Burnt mound, Ballykinnacorra, Co. Clare
Co. Clare |
Ritual/Ceremonial
Scattered across the Irish landscape in their thousands, burnt mounds are among the most quietly puzzling monuments that prehistoric people left behind.
They appear as low, kidney-shaped or crescent mounds of fire-cracked stone and dark, charcoal-flecked earth, and the one at Ballykinnacorra in County Clare is a local example of this widespread but still not fully understood type of site. The basic mechanics are well established: stones were heated in a fire and then dropped into a water-filled trough to bring it rapidly to the boil, after which the spent, shattered stones were discarded to one side, accumulating over time into the distinctive mound. What remains debated is what exactly the boiling water was for. Cooking, brewing, textile processing, and bathing or sauna-like sweat houses have all been proposed, and the evidence across different excavated sites suggests that no single explanation fits every case.

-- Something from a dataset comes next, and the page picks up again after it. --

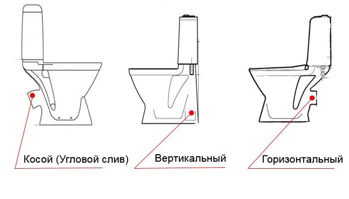 Fondamentalement, pour les salles de bains des appartements, les toilettes sont installées avec une sortie horizontale ou une sortie d'angle. Les produits à sortie verticale sont utilisés pour l'installation dans des maisons privées et dans certains bâtiments de l'ère stalinienne.

Burnt mounds are generally dated to the Bronze Age, roughly 2000 to 500 BC, though some Irish examples have produced dates reaching into the Iron Age. They almost always appear near a water source, a stream, a spring, or a boggy hollow, which was both a practical necessity and perhaps a factor in where communities chose to gather for whatever activity the site supported. The Ballykinnacorra example sits within a county that has produced numerous such monuments, Clare's varied geology and hydrology providing the kind of waterside settings these sites seem to require. Beyond its location and monument type, the specific details of this particular mound, its dimensions, condition, and any associated finds, are not currently available in the public record.